#### [Aim of the task]
Pictures in the data should be dropped; transcribe exactly the lines from the one that has "FIORI PANNA |" through the one that has "Long sleeve mesh".

-----

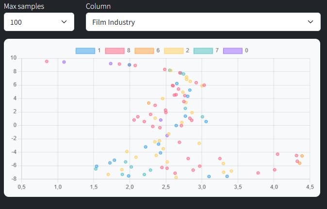 Vous pourrez voir une représentation 2D de vos données grâce à un nuage de points obtenu par une méthode nommée t-SNE. Cette représentation vous permettra de voir la répartition de vos données et de voir s'il y a des groupes de données qui se dégagent. Si vous avez des colonnes de type catégoriel, vous pourrez voir la répartition de vos données en fonction de ces colonnes.
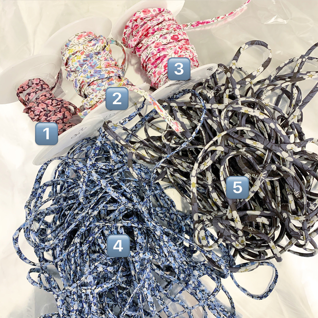 | FANTASIA NASTRINO | 1 BASE NERA/FIORI ROSA, 2 BASE BIANCA FIORI COLORATI, 3 BASE BIANCA FIORI ROSA, 4 FIORI CELESTI, 5 BASE PRUGNA FIORI PANNA |
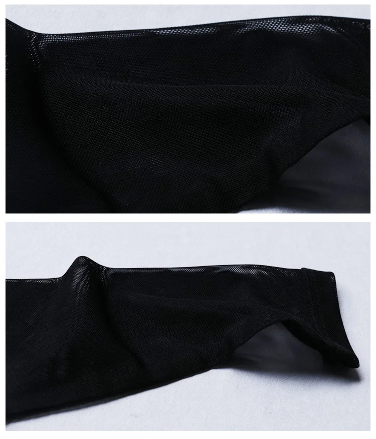 Long sleeve mesh open back leotard features a sheer bodice and open back so you can make an impression at convention or competition. Makes a statement on its own, but makes a quality base for your custom embellishments like appliques. Perfect for contemporary routines for your solo or large group.
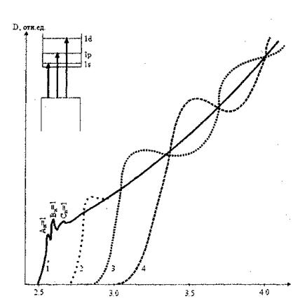 Рис.1.3. Зависимость спектра поглощения микрокристалла CdS от размера: (1) -320 Ǻ ; (2) - 23 Ǻ ; (3) – 15 Ǻ; (4) – 12 Ǻ [6].
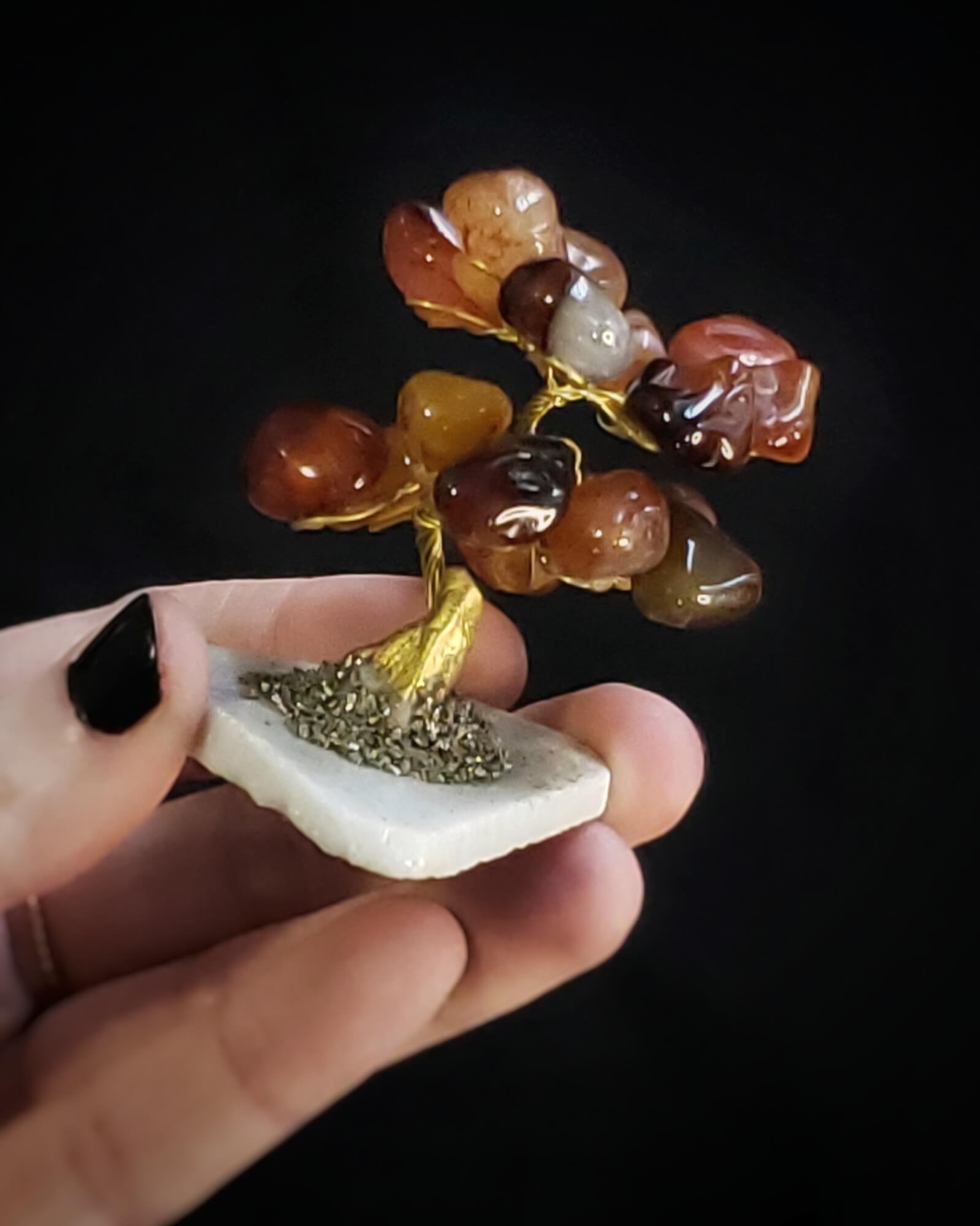 Handmade wire tree sculpture with carnelian stones as leaves.
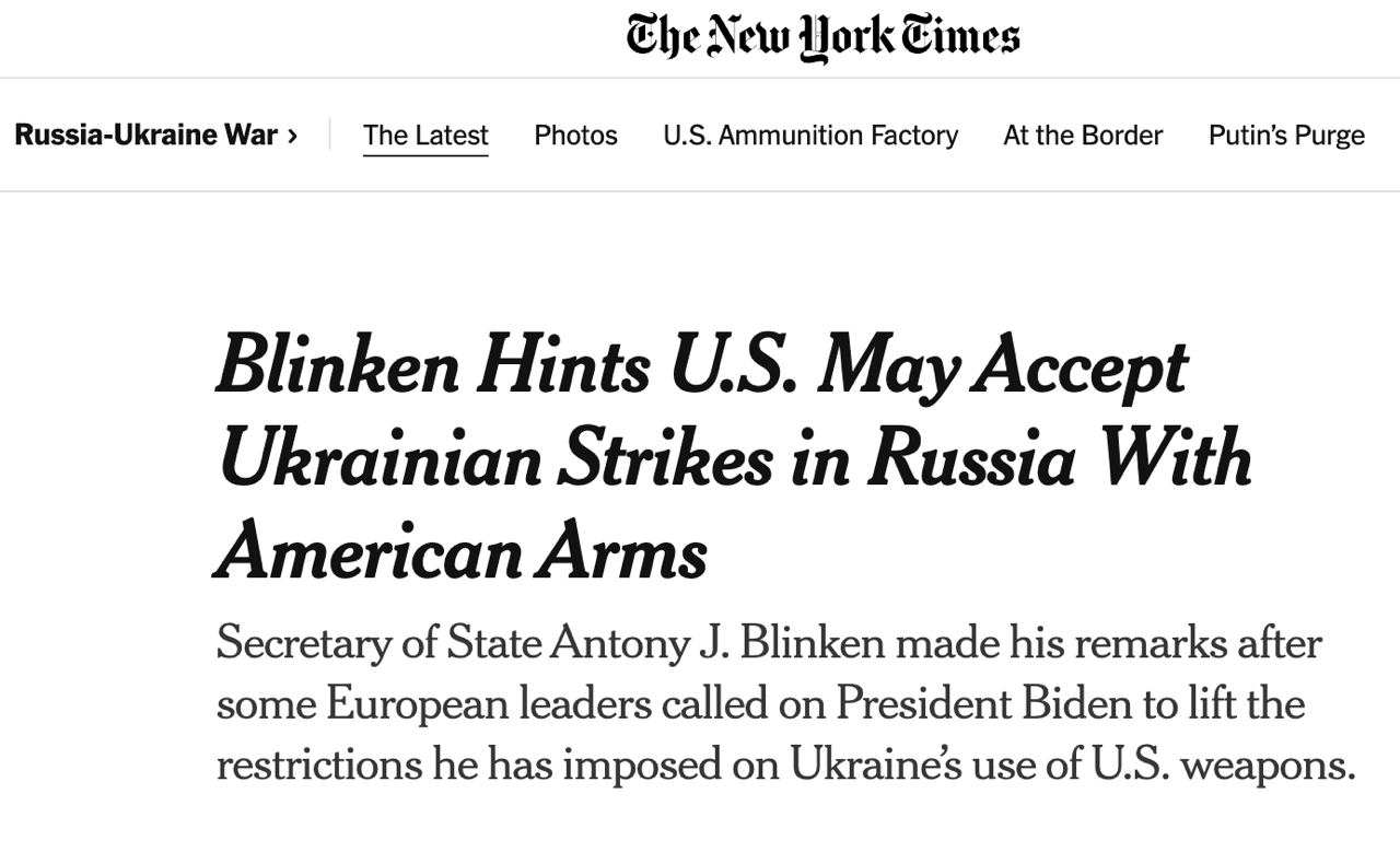 11.51 Блинкен допустил, что США могут разрешить Украине наносить удары американским оружием по территории РФ, передает The New York Times.
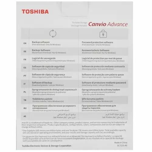 Внешний жесткий диск Toshiba Canvio Advance 2Tb (HDTCA20EK3AA), 1272378

-----

#### [Task output]
 | FANTASIA NASTRINO | 1 BASE NERA/FIORI ROSA, 2 BASE BIANCA FIORI COLORATI, 3 BASE BIANCA FIORI ROSA, 4 FIORI CELESTI, 5 BASE PRUGNA FIORI PANNA |
 Long sleeve mesh open back leotard features a sheer bodice and open back so you can make an impression at convention or competition. Makes a statement on its own, but makes a quality base for your custom embellishments like appliques. Perfect for contemporary routines for your solo or large group.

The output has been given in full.